In the case of the Seasonal seed scenario planning tool, for example, the design assignment specified a decision-support tool that uses seasonal climate forecasts to improve planning of seed distribution. This tool was designed, but eventually, the design partners (public and private seed companies in Ethiopia and Zimbabwe) saw limited applicability of the tool. The time range of seasonal forecasts (up to six months ahead of the season) was too short to influence the really big decisions, i.e., about seed production (one year ahead of the season).

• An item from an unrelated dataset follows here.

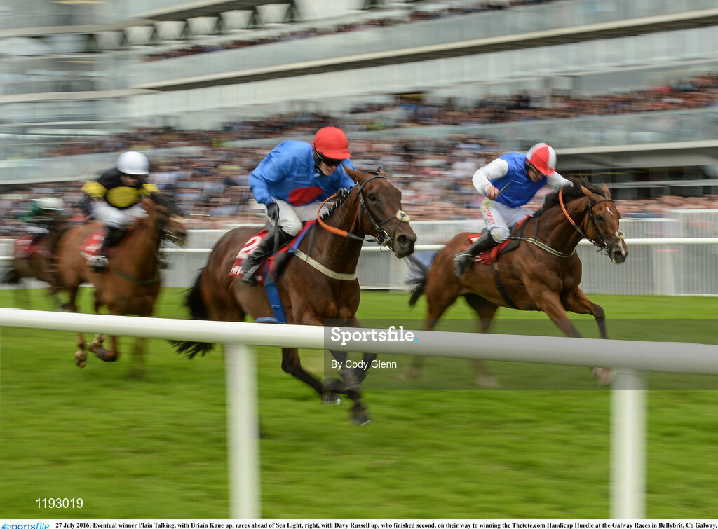 27 July 2016; Eventual winner Plain Talking, with Briain Kane up, races ahead of Sea Light, right, with Davy Russell up, who finished second, on their way to winning the Thetote.com Handicap Hurdle at the Galway Races in Ballybrit, Co Galway. Photo by Cody Glenn/Sportsfile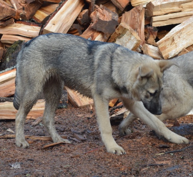 Apmēram 4 mēnešus veca vilciņa tipa sunīte, atbilstoši vecumam draiska, rotaļīga, kustīga.

With a more open-ended approach towards ‘improving seed distribution planning with digital media’, the eventual product might have had a stronger use case. Highlighting the importance of an open-ended, unprejudiced approach to designing a solution already in the project proposal is important.

This, however, may require raising awareness about digital design among donor agencies, as research-for-development donors prefer to fund proposals that are able to outline their expected outputs in advance. In design projects, however, even the understanding of the problem that motivated the whole exercise frequently evolves over time. Thus, describing expected, hypothesized solutions in the project proposal is not advisable.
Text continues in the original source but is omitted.